Data extracted from a collection
- - -

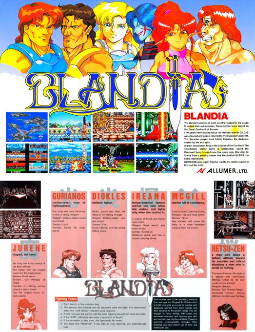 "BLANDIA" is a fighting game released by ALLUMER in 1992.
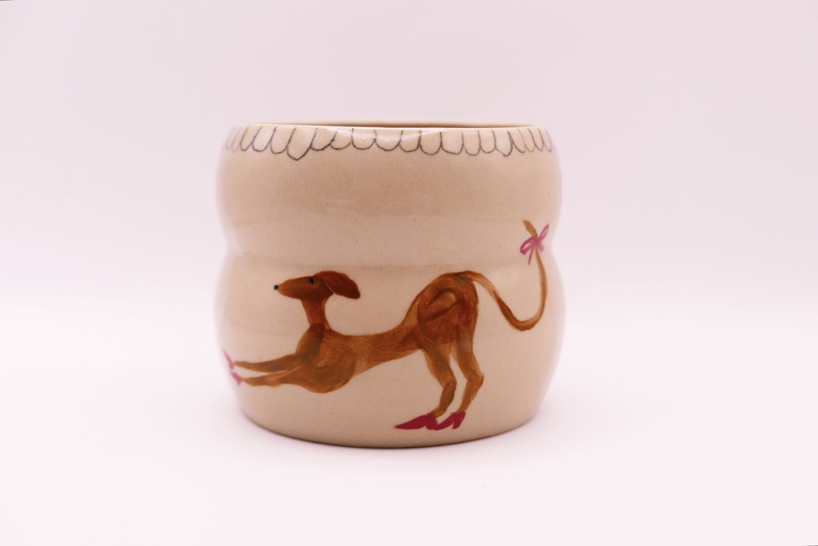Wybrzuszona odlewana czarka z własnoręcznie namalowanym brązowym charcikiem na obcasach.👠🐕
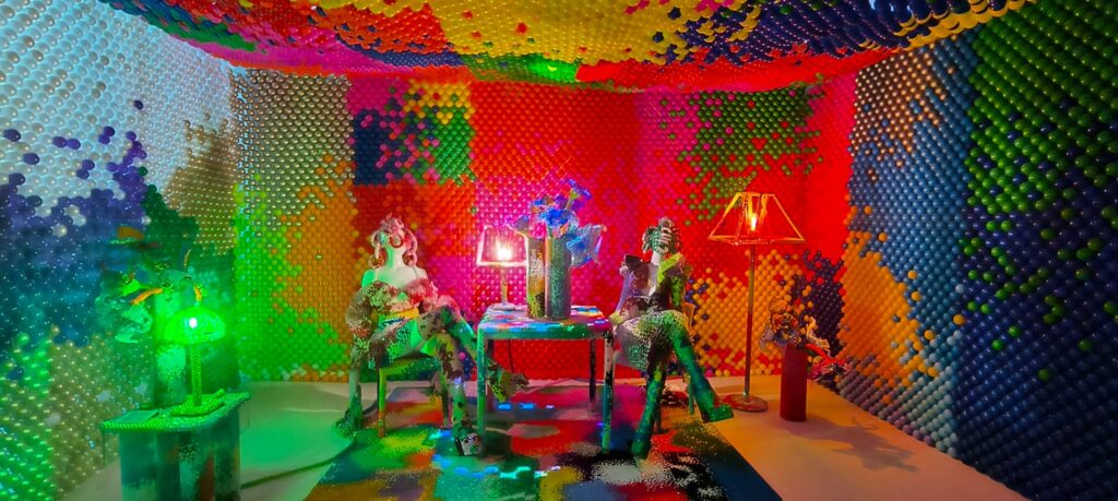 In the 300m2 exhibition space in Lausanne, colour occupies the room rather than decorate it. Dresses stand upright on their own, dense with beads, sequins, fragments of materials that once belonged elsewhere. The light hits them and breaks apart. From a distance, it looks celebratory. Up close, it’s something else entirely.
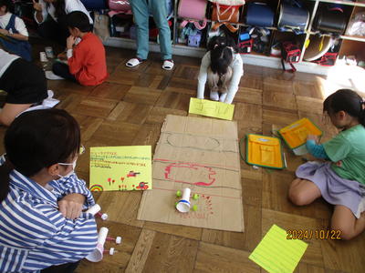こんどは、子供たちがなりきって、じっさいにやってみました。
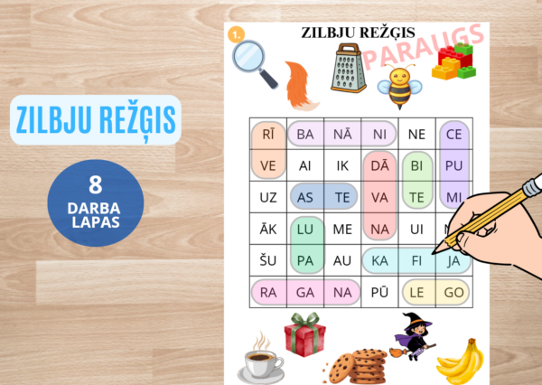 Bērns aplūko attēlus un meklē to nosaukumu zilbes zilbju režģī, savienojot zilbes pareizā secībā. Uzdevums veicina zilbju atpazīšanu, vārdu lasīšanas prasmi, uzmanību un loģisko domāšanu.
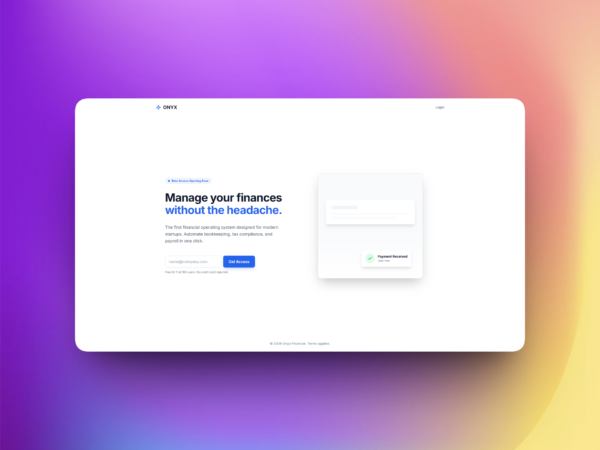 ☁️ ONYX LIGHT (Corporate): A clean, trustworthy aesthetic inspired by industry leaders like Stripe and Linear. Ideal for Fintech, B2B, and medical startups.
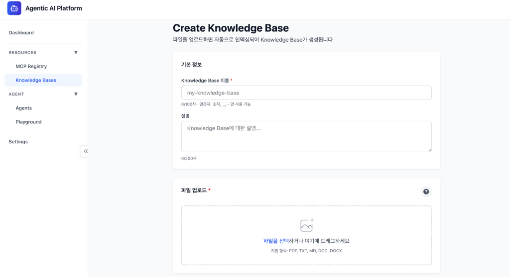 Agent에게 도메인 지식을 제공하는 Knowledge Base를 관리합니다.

- - -

Assignment
Above are the records; repeat them exactly, omitting every picture.

Answer to this task
 "BLANDIA" is a fighting game released by ALLUMER in 1992.
Wybrzuszona odlewana czarka z własnoręcznie namalowanym brązowym charcikiem na obcasach.👠🐕
 In the 300m2 exhibition space in Lausanne, colour occupies the room rather than decorate it. Dresses stand upright on their own, dense with beads, sequins, fragments of materials that once belonged elsewhere. The light hits them and breaks apart. From a distance, it looks celebratory. Up close, it’s something else entirely.
こんどは、子供たちがなりきって、じっさいにやってみました。
 Bērns aplūko attēlus un meklē to nosaukumu zilbes zilbju režģī, savienojot zilbes pareizā secībā. Uzdevums veicina zilbju atpazīšanu, vārdu lasīšanas prasmi, uzmanību un loģisko domāšanu.
 ☁️ ONYX LIGHT (Corporate): A clean, trustworthy aesthetic inspired by industry leaders like Stripe and Linear. Ideal for Fintech, B2B, and medical startups.
 Agent에게 도메인 지식을 제공하는 Knowledge Base를 관리합니다.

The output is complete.